Insight into the efficient transfection activity of a designed low aggregated magnetic polyethyleneimine/DNA complex in serum-containing medium and the application in vivo†
Abstract
A designed low aggregated magnetic polyethyleneimine/DNA (MPD-cc) complex showed efficient transfection in serum-containing medium for PEI-mediated gene transfection in vitro and in vivo, but the mechanism remains unclear. The present study provides an insight into the extracellular and intracellular fates of the magnetic gene complexes, evaluates their transfection efficiency and body distribution after systemic administration assisted by fluorescent imaging technology. The PEI cationic complexes in our study switched to be negatively charged in the serum-containing medium due to protein corona formation, and the complexes displayed negligible aggregation from transmission electron microscopy observation and dynamic light scattering analysis. However, the SDS-polyacrylamide gel electrophoresis (SDS-PAGE) showed that less protein was adsorbed on the magnetic gene complexes during a 10 min magnetofection compared with that associated with traditional polyethyleneimine/DNA (PD) complexes after a long-term (4 h) incubation.
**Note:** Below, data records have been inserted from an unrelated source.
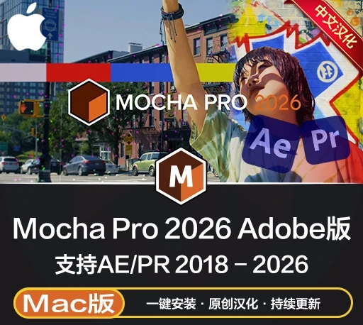提供的是Mac苹果中文汉化Mocha Pro 2026 For Adobe插件版下载,支持AE和PR。Mocha Pro 2026是一款世界知名的软件和插件,用于平面运动跟踪、3D 跟踪、动态观察、对象移除、图像稳定和 PowerMesh有机扭曲跟踪。新功能包括了提升的3D跟踪和相机解算、增强的跟踪和描边工具、性能优化、新的导出和集成选项、选择工具的新功能、图层描边工具、跟踪工具的更新以及扩展的渲染选项。这些更新使得用户可以更高效地进行复杂的视觉效果制作工作。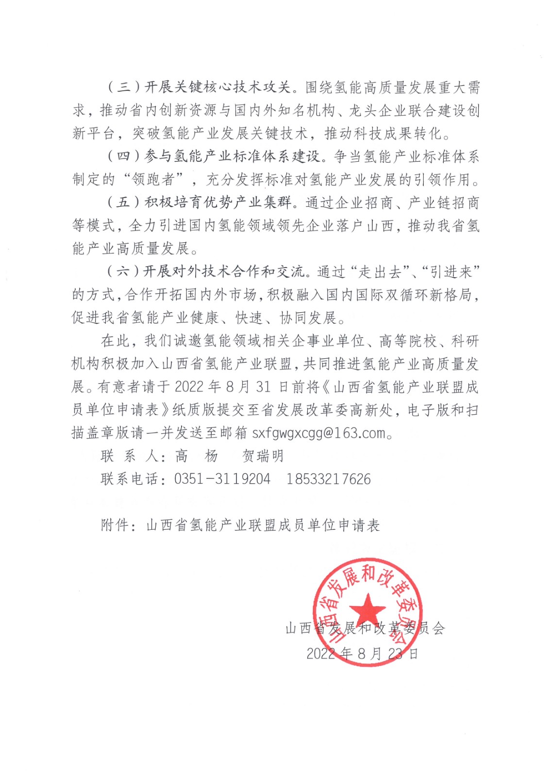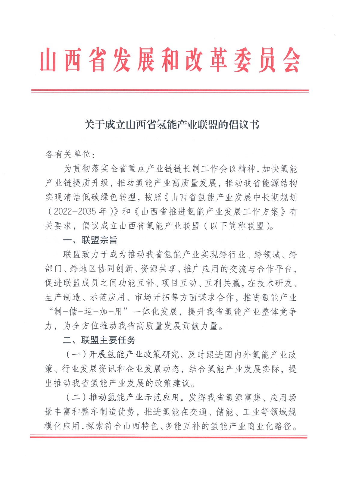 氫啟未來網8月24日消息,山西省發展和改革委員會在其網站印發關于成立山西省氫能產業聯盟的倡議書。其中提出,推動氫能產業示范應用。發揮山西省氫源富集、應用場景豐富和整車制造優勢,推進氫能在交通、儲能、工業等領域規模化應用,探索符合山西特色、多能互補的氫能產業商業化路徑。原文內容如下: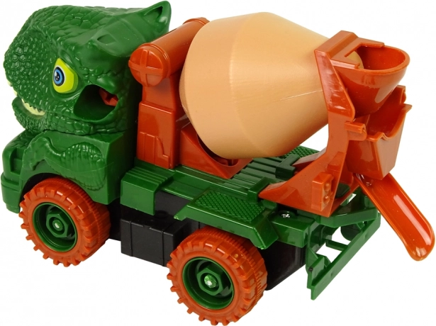 Ein Dinosaurierkopf mit markanten Zügen und eine rotierende Mischtrommel unterstützen kreative Bauszenen und fantasievolles Spiel.
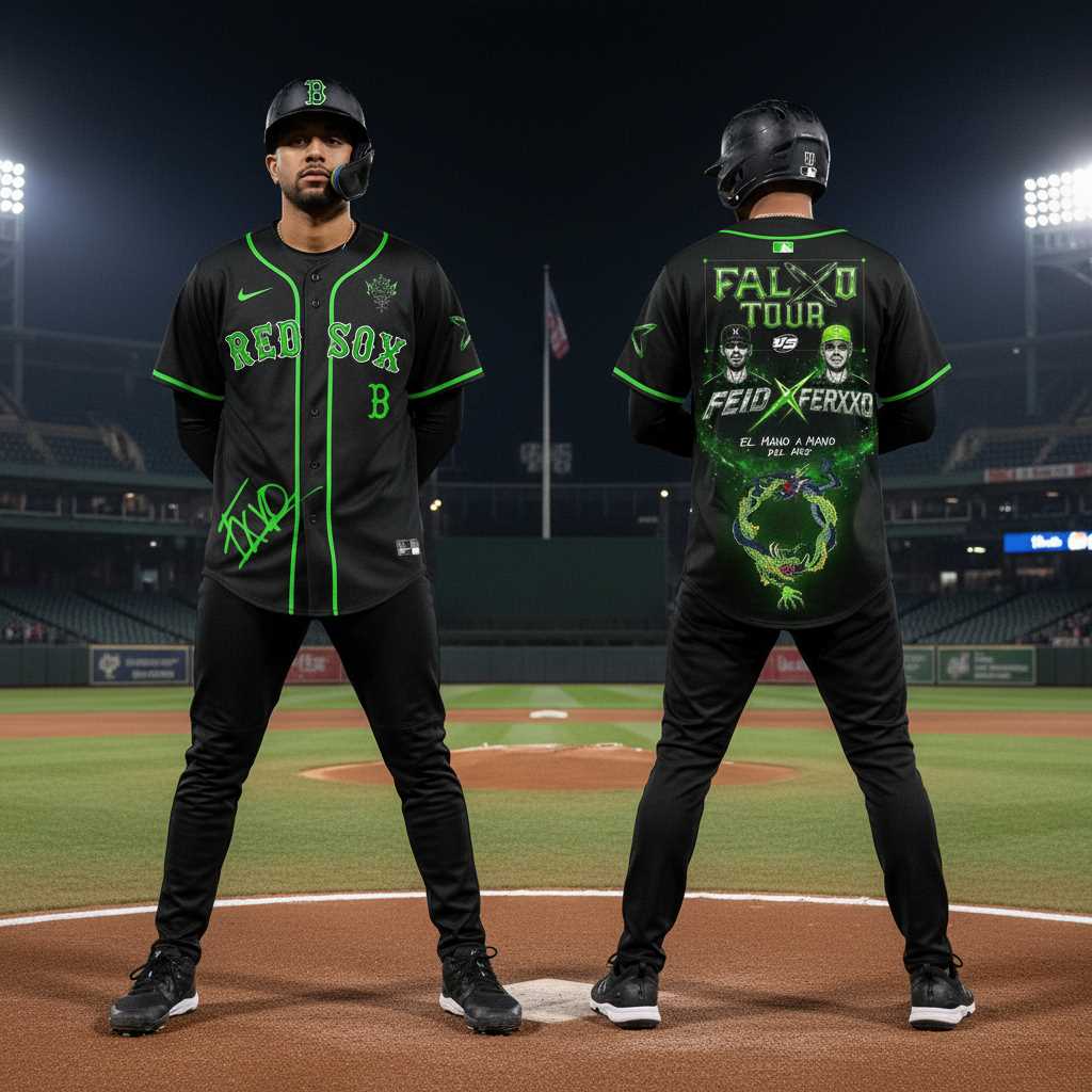 Step up to the plate with the ultimate crossover collectible, the Boston Red Sox FEID vs FERXXO Falxo Tour 2026 Baseball Jersey. This isn’t just a jersey; it’s a vibrant cultural collision on a bold black backdrop accented with electrifying neon green. The front proudly displays “RED SOX” in striking green, with the iconic “B” logo and a unique “FXRXXO” signature scrawled near the lower left hem. The back unveils the “FALXO TOUR” header, showcasing Feid and Ferxxo in a “VS” battle, underlined by “FEID X FERXXO” and “EL MANO A MANO DEL AÑO.” Below, a mesmerizing neon green dragon forms an ouroboros, symbolizing an epic, cyclical showdown. This design humorously blends baseball heritage with music’s hottest rivalry, creating a unique statement for fans of both worlds.
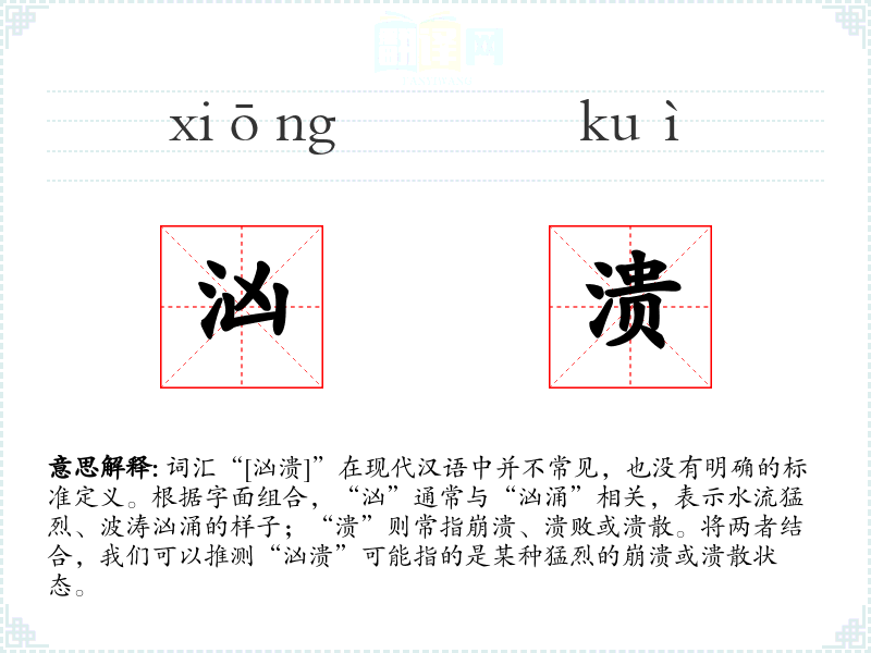 词汇“[汹溃]”在现代汉语中并不常见,也没有明确的标准定义。根据字面组合,“汹”通常与“汹涌”相关,表示水流猛烈、波涛汹涌的样子;“溃”则常指崩溃、溃败或溃散。将两者结合,我们可以推测“汹溃”可能指的是某种猛烈的崩溃或溃散状态。

In terms of cellular uptake and internalization evaluation by flow cytometry, magnetofection with our designed MPD-cc complexes showed obvious superiority in the presence of serum, compared to traditional transfection (PD complexes). Moreover, confocal laser scanning microscopy revealed that after internalization, fewer MPD-cc with magnetofection were trapped in the endosome and more found in the nucleus compared to the PD and MPD-cc without the magnetic field. Putting these facts together, we conclude that magnetofection by the designed MPD-cc complexes facilitates many processes of transfection, including less protein adsorption, efficient cellular sedimentation and internalization, as well as endosomal escape and nuclear import. In the near infrared imaging study, it was observed that the accumulation of complexes in tumors by magnetic capture was enhanced in vivo. All of these improved in vitro and in vivo functions contributed to a 5-fold enhancement in magnetofection via intravenous delivery.